Batı Şeria’ya İsrail tarafından el konması ve buradaki Filistinlilerin Ürdün’e sürülmesi evanjelistlerin büyük savaş hayallerine (Armageddon) giden yolda çok önemli bir yere sahip ve bunun Trump’ın bu başkanlığı döneminde gerçekleşmesi planlanıyor.
***
sadece bu nedenle Tom Cotton adlı senatörün verdiği yasa önerisiyle Batı Şeria’nın adı İncil’deki ad olan Judea Samaria’yma değiştiriliyor.
bununla da kalınmayacak, ABD devletinin bugüne kadar yapmış olduğu bütün yazışmalarda bile Batı Şeria adı geçiyorsa geçmişe dönüp bunlar tek tek Judea Samaria olarak değiştirilecek. Ve Batı Şeria’dan bir ürün ithal edilirse bunda mutlaka İsrail malıdır veya İsrail’de üretilmiştir yazısı olması zorunlu tutulacak.
***
Trump’ın yıldırım hızıyla İsrail’e büyükelçi atadığı Mike Huckebee ağzına Batı Şeria lafını bile alamayacak ölçüde İsrail’in Batı Şeria’ya el koyması planının militanı.
***
Trump ilk başkanlık döneminde işe başlar başlamaz Washington’da bir incil müzesi açıldı. Evanjelistlerin kutsal kitaplarında olduğuna inandıkları olayların temsili resimlerle anlatıldığı bu müzenin finansmanını Hobby Lobby adlı şirketin sahibi Evanjelist bir ailenin çocuğu olan Steve Green yaptı.
Başkent Washington’da devlet binalarının yeri ve birbirlerine olan simetrileri sembollerle doludur. bu semboller üzerine yazılmış birçok bilimsel çalışma var ve hatta bu semboller gösterge bilim konusunda verilen derslerde bile anlatılıyor.
bu da bilindiğinden İncil müzesinin yeri de çok anlamlı. müze tam Kongre binasının yanında kuruldu.

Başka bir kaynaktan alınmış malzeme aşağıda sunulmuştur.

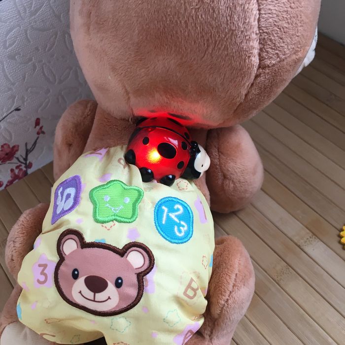 Une coccinelle lumineuse sur le dos de l'ourson qui clignote au rythme des mélodies 3 chansons, 2 phrases chantées et 10 mélodies Réglage du volume sonore 4 boutons interactifs pour découvrir les formes et couleurs Contenu : 1x ourson 1,2,3 pour apprendre la marche
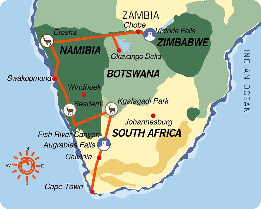 Välkommen till detta fantastiska äventyr med engelsktalande guide från Kapstaden till Victoriafallen eller tvärtom från Victoriafallen till Kapstaden. Under resan besöker du många av de bästa platserna i södra Afrika. Du ger dig ut på en spännande resa genom länder som Namibia och Botswana. Under resan kommer du att uppleva olika befolkningar och kulturer, och självklart en helt fantastisk natur.
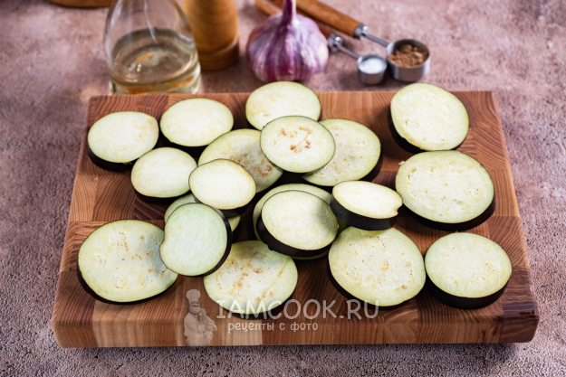Баклажан нарежьте кружочками толщиной примерно в 3-4 мм.
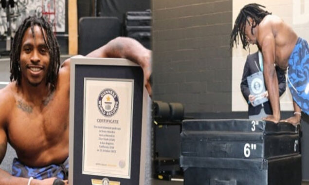 ٹانگوں کے بغیر پیدا ہونے والے امریکی ایتھلیٹ نے ہاتھوں کی مدد سے لمبی باکس جمپ لگا کر اور تین منٹوں میں سب سے زیادہ ڈائمنڈ پش اپس لگا کر گینیز عالمی ریکارڈ اپنے نام کرلیے۔

Bununla Evanjelistler o günlerde ‘biz artık başkentteyiz ve Washington da bizim olacak’ demekteydi.
nitekim 7 yıl önce verilen o mesaj sonunda gerçekleşti ve Trump başkanlık yeminini etti.
***
Aslında Trump için ilk başkanlığı dönemi Evanjelist savaşı açacağı bugünler için bir hazırlık dönemiydi. bu yüzden o koltuğa oturduğu gün Beyaz Saray’da kamuoyundan gizlenen Evangelist Advisory Board adı verilen bir kurul oluşturdu. bu kurul yönetimin alacağı her kararın Evanjelist inanca uygun olup olmadığını denetliyordu.

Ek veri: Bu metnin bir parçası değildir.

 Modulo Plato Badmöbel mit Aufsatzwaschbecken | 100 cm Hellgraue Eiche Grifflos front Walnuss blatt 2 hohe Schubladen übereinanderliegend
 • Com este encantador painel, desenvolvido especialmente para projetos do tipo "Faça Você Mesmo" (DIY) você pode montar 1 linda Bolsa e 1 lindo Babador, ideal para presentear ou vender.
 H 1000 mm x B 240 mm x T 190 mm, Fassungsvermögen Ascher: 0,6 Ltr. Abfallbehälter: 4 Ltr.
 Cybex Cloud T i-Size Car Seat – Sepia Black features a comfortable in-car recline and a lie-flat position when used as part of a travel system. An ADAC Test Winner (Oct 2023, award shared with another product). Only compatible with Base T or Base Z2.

Trump’ın ilk başkanlık dönemi büyük savaşa hazırlık dönemiydi. ikinci bir başkanlık bu yüzden mutlaka gerekiyordu. Biden’ın seçilmesinin bu kadar öfke yaratmasının ve kongre binasının basılmasının asıl nedeni işte budur. Ve yine bu nedenle o baskını yapanların tümü Trump tarafından Oval ofise sdım atar atmaz affedildi.

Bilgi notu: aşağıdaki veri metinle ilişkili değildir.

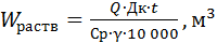 где Q – расчётный расход обрабатываемой воды, м3/час; Дк – расчётная доза реагента по безводному продукту, г/м3; t – время приготовления раствора реагента, час; t = 10-12 час., если малая производительность t = 12-24 час. Cp – концентрация раствора коагулянта в растворных баках в %, принимают до 17%; γ – плотность раствора, т/м3 (γ = 1т/м3).
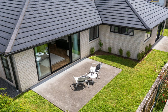 The tidy brick-clad exterior with linear detailing and tile roof complements the easy-care freehold section. A sunny patio and landscaped gardens provide a simple, enjoyable outdoor space, with fencing that could easily be completed for full enclosure.
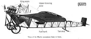 | Side view showing the general layout of the Macfie Monoplane. Note the king-posts and bracing wires for wing-warping and the fuel tank. Image from Flightglobal (see Bibliography below) | |
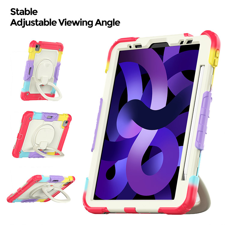 The case is just what my great grandson wanted and he loves it. The large ring is ideal for propping iPad in both portrait or landscape mode. Additionally, it is perfect as a carrying handle. Highly recommend this case for others. One negative is you need to order the screen protector separately for this case. Minor, but just stating a fact.
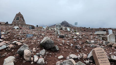 营地停车场上方的山坡上散布着墓碑,埋葬的大多是不幸在登山时遇难的勇士。十一月初是厄瓜多尔纪念死者的“清明”,已经有一些人专程来为亲朋献花、默坐和祈祷。墓园里还有一个显眼的石头金字塔,纪念革命家、“南美洲解放者”玻利瓦尔(Simon Bolivar)。他并没有在此辞世或长眠。出生南美的玻利瓦尔年轻时在巴黎留学,与洪堡结为好友。他在后者影响下重新认识自己的故乡,走向革命生涯。1822年,玻利瓦尔在钦博拉索山附近做了一个怪异的梦,写下《我在钦博拉索山上的精神紊乱》3长诗,与这座山结下不解之缘。
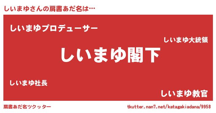 | 男性向けラノベタイトル風あだ名 | 『Re:しいまゆから始める異世界生活』 |
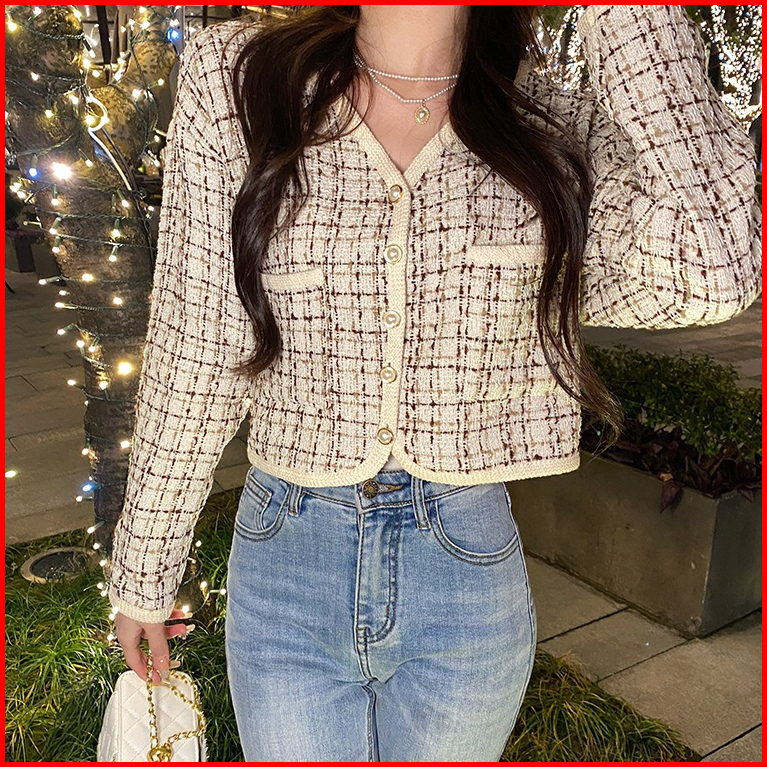 Jaket Wanita V-neck Loose Crop Import Top Lengan Panjang Cardigan
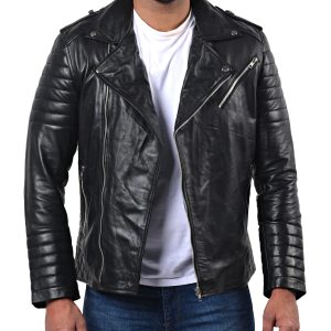 Men’s Motorcycle Leather Jacket Costume This men’s motorcycle leather jacket is just the perfect biker outfit for motorcycle riders. We use genuine and top-quality cowhide leather in the making of this leather jacket. The featured logo on the back makes it just the perfect jacket for you. We also use soft polyester lining in the inner part of the jacket. To make it a comfortable motorcycle jacket outfit. The biker jacket has a zipped front closure with padded style sleeves & shoulders.
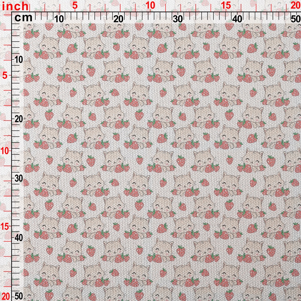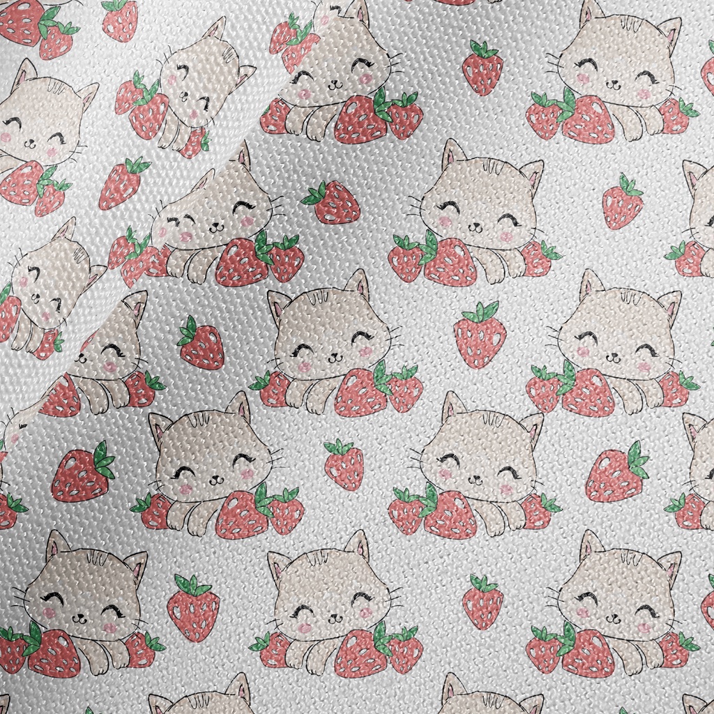 微笑貓咪與草莓帆布(幅寬150公分)

ikinci başkanlık döneminde, yarım bırakılan o işin tamamlanacağına inanılıyor. Trump işte bu yüzden suikastten tanrı tarafından bu işi bitirmesi için kurtarıldığına inanıyor.
***
bu büyük savaş senaryosuna destek çoğunluktan da gelebilir bu defa.
çünkü ilk başkanlığı için yemin ettiği gün Washington’da bütün oteller dolmuştu. Amerika’nın her yerinden gelen protestoculardı bunların çoğunluğu. Son yemin töreninde de yine bütün oteller dolu ama bu defa çoğunluğu Trump destekçileri oluşturuyormuş.
Başkent Washington’da da durum farklı değil. arkadaşımın söylediğine göre şehrin her tarafı Trump’a destek veren semboller ve MAGA kıyafetli insanlarla doluymuş. yani bu defa Trump’a kim dur diyecek o belli değil.
Birileri ortaya çıksa bile ona dur demeye cesaret edebileceklerini sanmıyorum bu defa.